Of all the great choices you can make for your well-being, practicing yoga is at the top of the list. Whether you’re practicing a gentle form, like vinyasa flow, or taking more challenging bikram yoga classes, you’re reaping its numerous benefits. Yoga tones your muscles, improves your endurance, and reduces your risk of serious medical issues like diabetes and hypertension. It can also help you to control your stress level and combat symptoms of anxiety and depression. Making yoga part of your healthy lifestyle is good for your body and mind. The more you make time for it, the more you’ll enjoy all it has to offer. And there’s a great way to record your progress: writing in a yoga journal. Here, I’ll explain more about journaling and give you some tips for getting started. As beneficial as your yoga practice is now, journaling will make it even more so.
The Benefits of Journaling
If you’ve never made journal writing part of your daily or weekly routine, there’s no time like the present to get going. Much like yoga, any kind of journaling can help you work through your stress and cope with anxiety and depression. It’s also a good way to record your goals and track the progress you’ve made (both in yoga and elsewhere in life). So, if you’ve been curious about how you can improve your mental health, you should know that journal writing is among the best low-cost stress reducers available.
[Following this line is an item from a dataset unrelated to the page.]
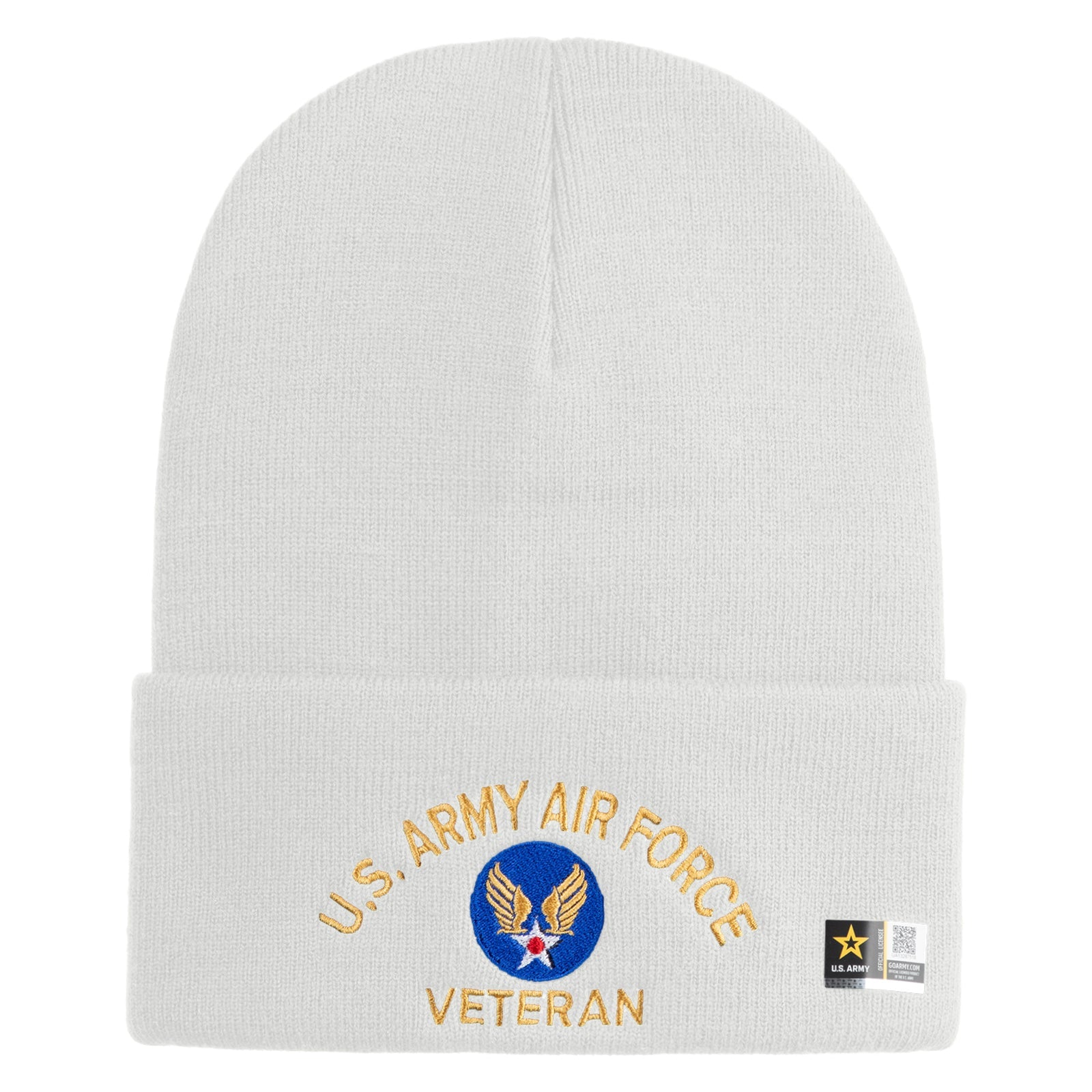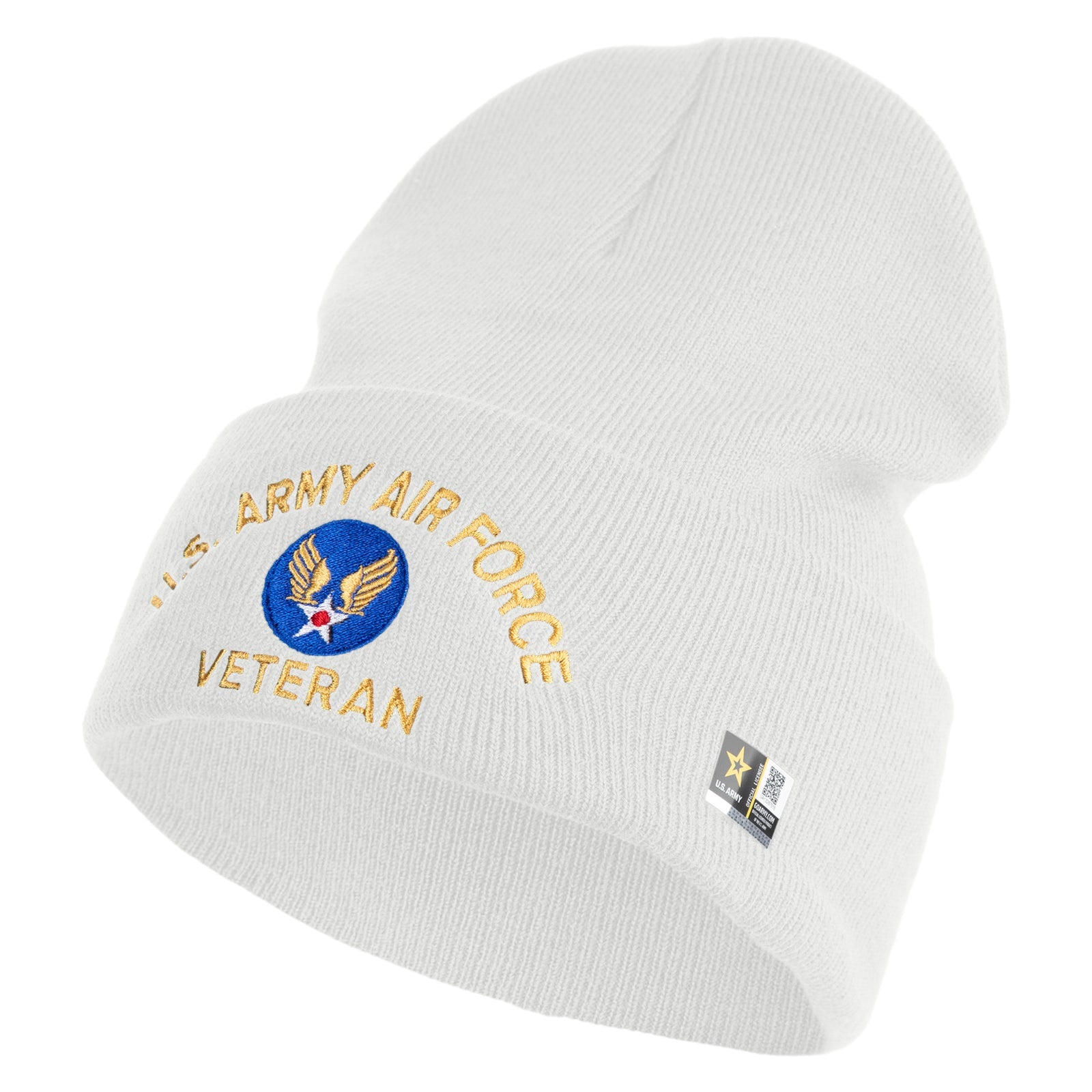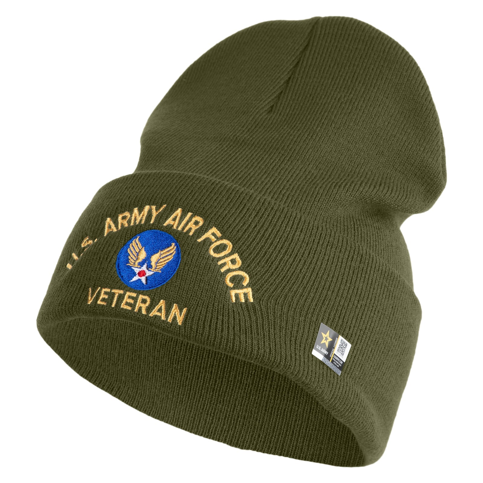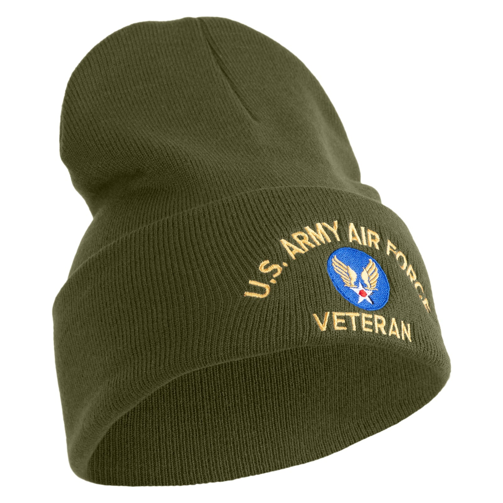 U.S. Army Air Force Logo Embroidered 12 Inch Solid Knit Cuff Long Beanie Made in USA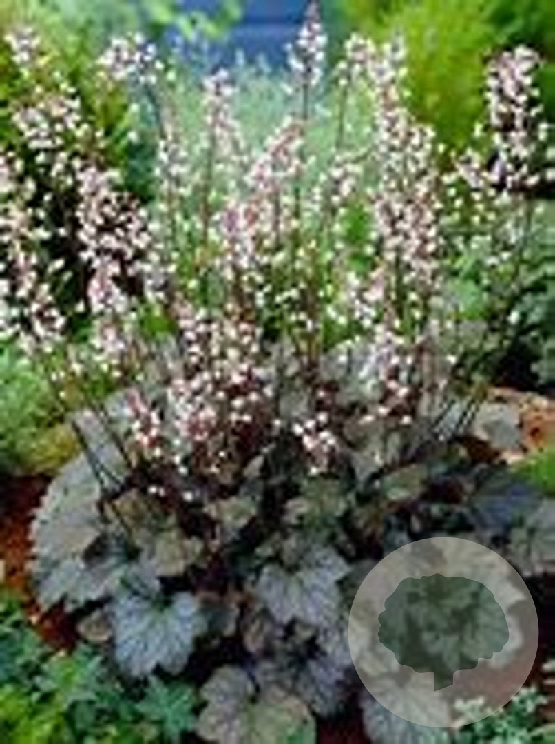 | Toelichting | Heucherella 'Quicksilver', ook bekend als Purperklokje, heeft prachtig zilvergrijs blad en witte bloemen in de periode mei - juni. Deze plant gedijt goed in de halfschaduw op neutrale tot humusrijke grond. |

Even if you have only a few minutes each day (or every other day) to write, it will be time well spent.
There is no right or wrong way to write in a journal, and it’s important that you don’t judge yourself. It’s okay (and good!) to let your guard down and be vulnerable. If you’re experiencing a bit of writer’s block and need a little kick-start, you may benefit from some inspiration. Will you need to buy a journal in order to get started? If so, you might like using an attractive one with helpful built-in prompts to get your thoughts flowing. On the other hand, if you prefer to write without prompts, you can use a plain notebook (and decorate the covers to your liking).
Additionally, you can keep your journal somewhere on your computer if you find typing easier than writing by hand. It’s entirely your call! In this case, whatever you feel works best is what’s best for you. Remember, this should decrease your stress level, not exacerbate it.
How to Use a Yoga Journal
If you like, you can combine your general journaling for mental health with more specific yoga journaling. You’ll likely find that they go hand in hand—and that they’re both incredibly useful.
Like any other journal, your yoga journal will be as unique as you are. Again, there are no rules or limits here—you can do this in the way that best serves you. If you already know exactly what you’d like to include, great!
If you need a little help getting started, check out these tips for what you might include in your writing:
- What emotions were you experiencing before you began your practice today? What kind of day were you having?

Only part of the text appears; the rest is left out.